Getting food aid to North Korea is a little like trying to help a trapped animal. The help is needed, but the victim is likely to see the helper as an enemy.

North Korea's extremity is becoming ever clearer. But the country's leaders have been leery of large-scale aid, worried about the image of failure that could accompany it.

That could be changing, as the need grows and the flow of food becomes better organized. Both the United States and South Korea have made initial aid pledges in response to an appeal by the United Nation's World Food Program for 203,000 tons of food. Some South Korean corn is on its way over the Chinese border into North Korea - a hopeful sign, given the North's particular aversion to getting help from the South.

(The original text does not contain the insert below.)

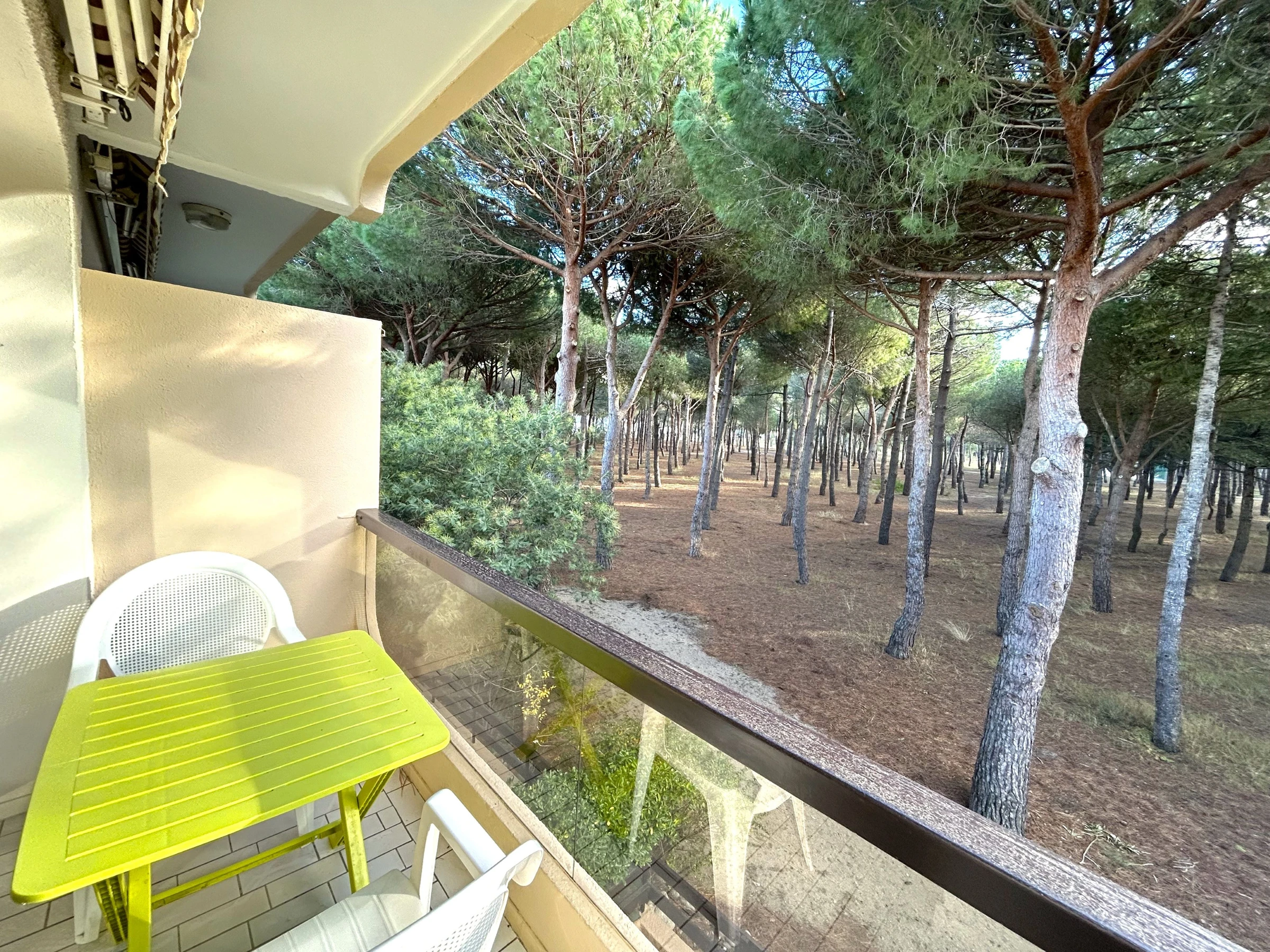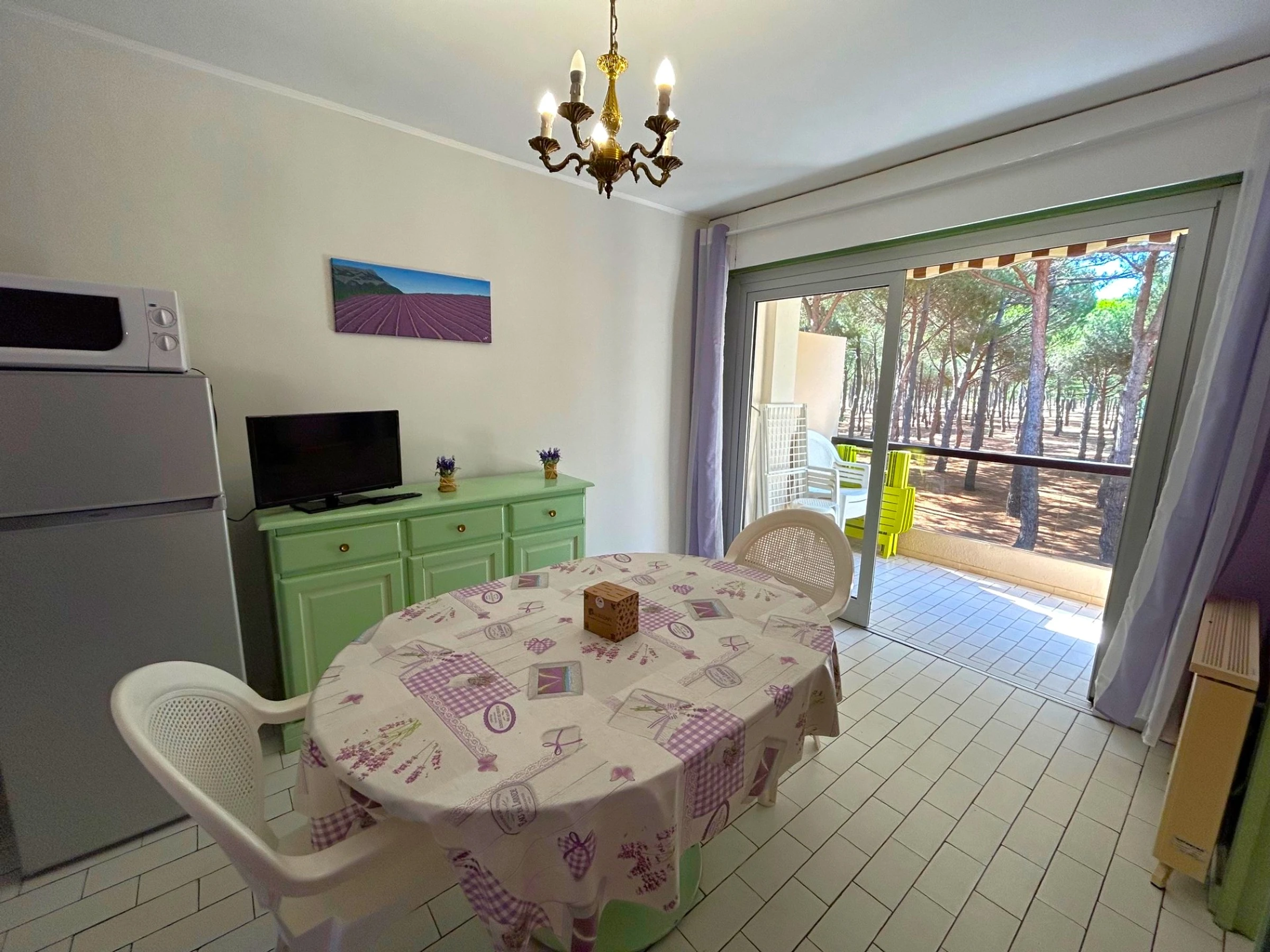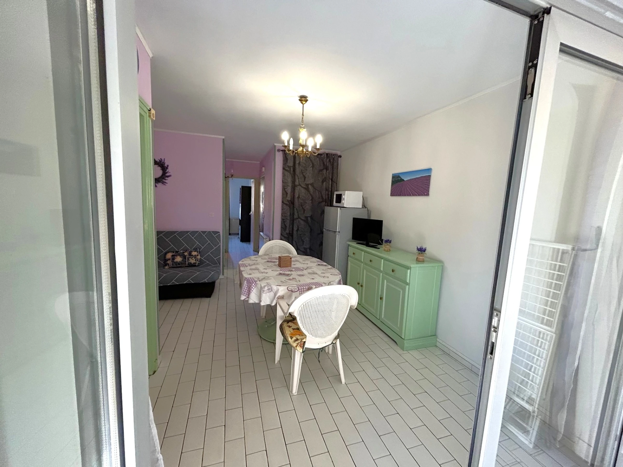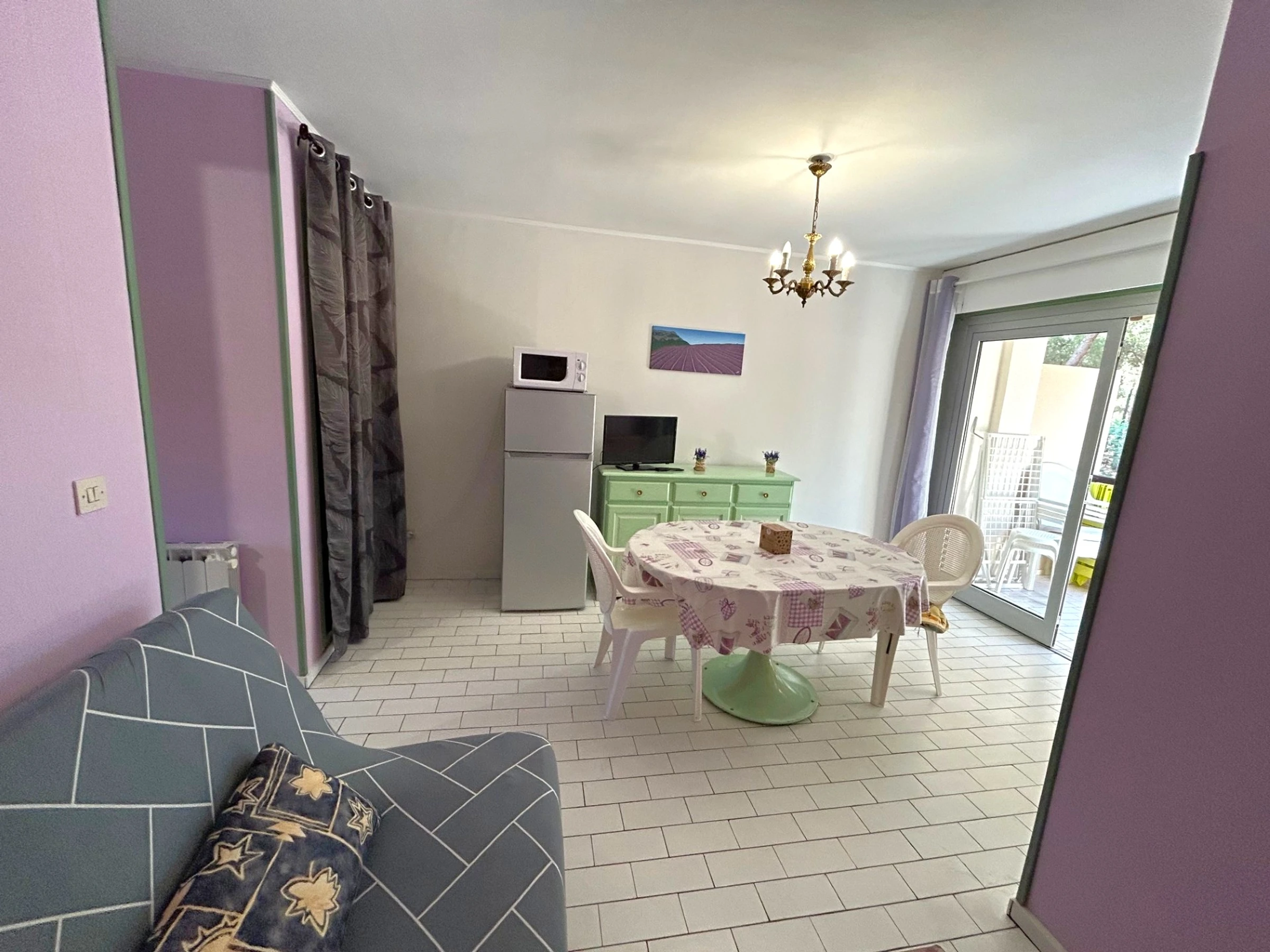 The apartment is located on the first floor of a residence 150 meters from the sea and bordering a pine forest. It can accommodate four people: a double sofa bed in the living room and a double bed in the bedroom. The apartment is equipped with a refrigerator/freezer, two electric hobs, a microwave, an oven, a washing machine, and a television. It also has a south-facing balcony (with awning) and a private parking space.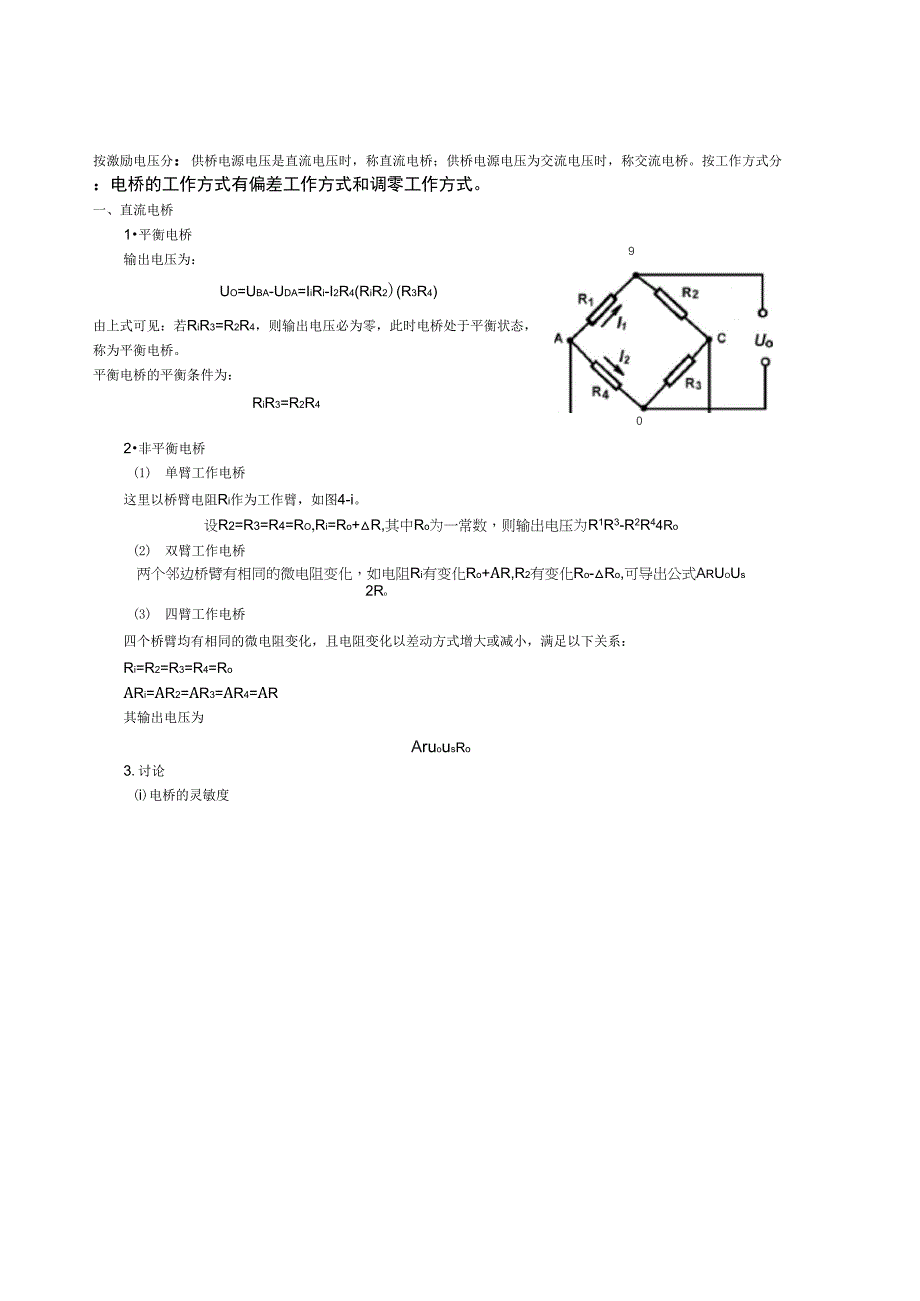 按激励电压分:供桥电源电压是直流电压时,称直流电桥;供桥电源电压为交流电压时,称交流电桥按工作方式分:电桥的工作方式有偏差工作方式和调零工作方式一、直流电桥1•平衡电桥90输出电压为:UO=UBA-UDA=IiRi-I2R4RiR4=UsUsRi:卜R2R3川’R4RiR3-R2R4=US(RiR2)(R3R4)由上式可见:若RiR3=R2R4,则输出电压必为零,此时电桥处于平衡状态,称为平衡电桥图4-i直流电桥平衡电桥的平衡条件为:RiR3=R2R42•非平衡电桥(1) 单臂工作电桥这里以桥臂电阻Ri作为工作臂,如图4-i设R2=R3=R4=Ro,Ri=Ro+△R,其中Ro为一常数,则输出电压为R1R3-R2R4UoUs(Ri+R2)(R3+R4)•:RUs4R02:R若电桥用于微电阻变化测量,有△R远小于Ro,则ARUoUs4Ro(2) 双臂工作电桥两个邻边桥臂有相同的微电阻变化,如电阻Ri有变化Ro+AR,R2有变化Ro-△Ro,可导出公式ArUoUs2Ro(3) 四臂工作电桥四个桥臂均有相同的微电阻变化,且电阻变化以差动方式增大或减小,满足以下关系:Ri=R2=R3=R4=RoARi=AR2=AR3=AR4=AR其输出电压为AruousRo3.讨论(i)电桥的灵敏度在电桥电路中灵敏度定义为U。

Also encouraging are reports the North will agree to join talks this year with South Korea, the US, and China aimed at resolving the Korean peninsula's 1953 truce into a formal peace agreement. Any movement on that front will help free up famine relief.

But deep problems remain. Even as aid arrives, North Korea's code of secrecy interferes with efforts to make sure the aid gets where it's most needed. Fuel supplies are virtually exhausted in the North, which further complicates distribution. And Pyongyang has no foreign exchange, making outright purchase of food impossible. It can barter commodities like minerals for food, but it backed out of one such deal with the American grain shipper, Cargill.

Meanwhile, the food crisis is deepening. Andrew Natsios, vice president of the World Vision relief agency and someone with wide experience in aiding famine victims, recently returned from a tour of North Korea and reported signs of imminent, widespread starvation. Children showed evidence of malnutrition, farm animals were scarce (assumed slaughtered for food), and elderly people were nowhere in sight. The latter, he was told, were staying indoors, conserving energy and eating little so that other family members would have more. Many people were seen scavenging for roots and wild plants.

Some in Seoul and Washington may ask why the world should do anything to aid a benighted and dangerous government like North Korea's. But it's not the government that's being aided with food. It's the North Korean people - who, despite more than four decades of enforced isolation, must sense the failings of the tyranny they've endured. Helping them now is a matter of moral imperative.